WASM files are currently larger than JavaScript, which can be challenging. But as WASM toolchains and optimization techniques improve, WASM will become more practical for both backend and frontend apps.

Introduction

As a developer, I often go through phases when exploring new tech, similar to the Gartner Hype Cycle. This cycle shows the typical path to adopting a new technology. In this post, I want to explain how I went from skeptical to excited, especially about using it to boost backend performance.

WASM is a low-level instruction format. It’s designed as a compilation target for languages like C, C++, and Rust. The main goal is enabling high-performance web applications. But it’s also increasingly used on the server-side when performance is critical.

My WASM journey had ups and downs. It started with inflated expectations, then disappointment, but ended with a solid understanding and practical applications.

Initial Misconceptions

When I first heard the buzz about WASM, I had high hopes. I thought WASM would let us smoothly integrate complex computations into web browsers. It seemed similar to how FFI let high-level languages execute machine code.

What is FFI?

FFI lets code in one language directly call code in another language. It’s used when performance is crucial and some logic is implemented in a low-level language like C or Rust. That low-level code is then called from higher-level languages like Python or JavaScript.

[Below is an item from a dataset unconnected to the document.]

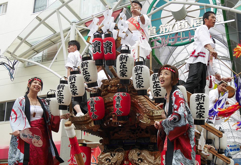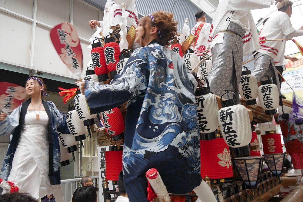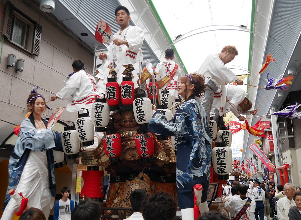 地車の4隅には女性4人の姿。
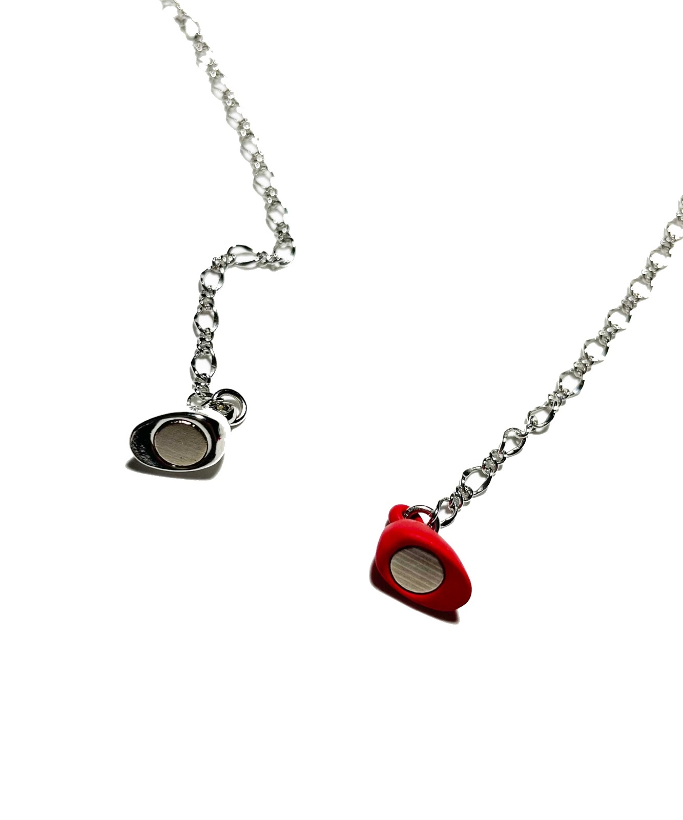 チェーン部分に継ぎ目がなく、マグネット式となったハート型のトップ部分で脱着をする珍しいデザイン。

I thought WASM was like FFI, just a way to run machine-level code in a browser. This made sense because WASM compiles high-level languages to a low-level binary format. But I overlooked WASM’s unique architecture and constraints.

Comparing WASM to FFI

Seeing WASM as FFI made me miss what makes WASM different from traditional machine code. In FFI, there’s often major overhead when switching between the host language and foreign function. Moving data between different memory layouts is also costly.

Reality Check

As I explored WASM more, I started to see gaps between my initial expectations and the reality of using it.

First Steps with WASM and Rust

I began experimenting with WASM using wasm-bindgen, a tool that helps WASM modules and JavaScript work together. My first example was simple:

use wasm_bindgen::prelude::*;

#[wasm_bindgen]
pub fn add(a: u32, b: u32) -> u32 {
  a + b
}

Using wasm-pack with link-time optimization (LTO), this basic addition function compiled to a tiny 214-byte WASM module. Initially, this seemed to prove WASM could deliver compact and efficient code.

Discovering the WAT Format

To better understand how such a small piece of code worked, I looked at the WAT (WebAssembly Text Format) version. WAT is a readable version of WASM binaries. It’s essential for debugging and optimizing WASM applications. Here’s the WAT for the `add` function:

(module
  (type (;0;) (func (param i32 i32) (result i32)))
  (func (;0;) (type 0) (param i32 i32) (result i32)
    local.get 0
    local.get 1
    i32.add)
  (memory (;0;) 17)
  (export "memory" (memory 0))
  (export "add" (func 0)))

This concise format shows WASM’s efficiency for simple computational tasks — no extra overhead, just the core operations to perform the function.

The Impact of Adding Complexity

I then modified the example by adding string operations to see the effect on module size:

use wasm_bindgen::prelude::*;

#[wasm_bindgen]
pub fn add(a: u32, b: u32) -> u32 {
    let a = a.to_string().parse::<u32>().unwrap();
    let b = b.to_string().parse::<u32>().unwrap();
    return a + b;
}

Despite doing the same math, this version produced a much larger 14.5KB WASM module. The WAT file grew to over 7,126 lines, reflecting the added complexity and overhead from handling strings.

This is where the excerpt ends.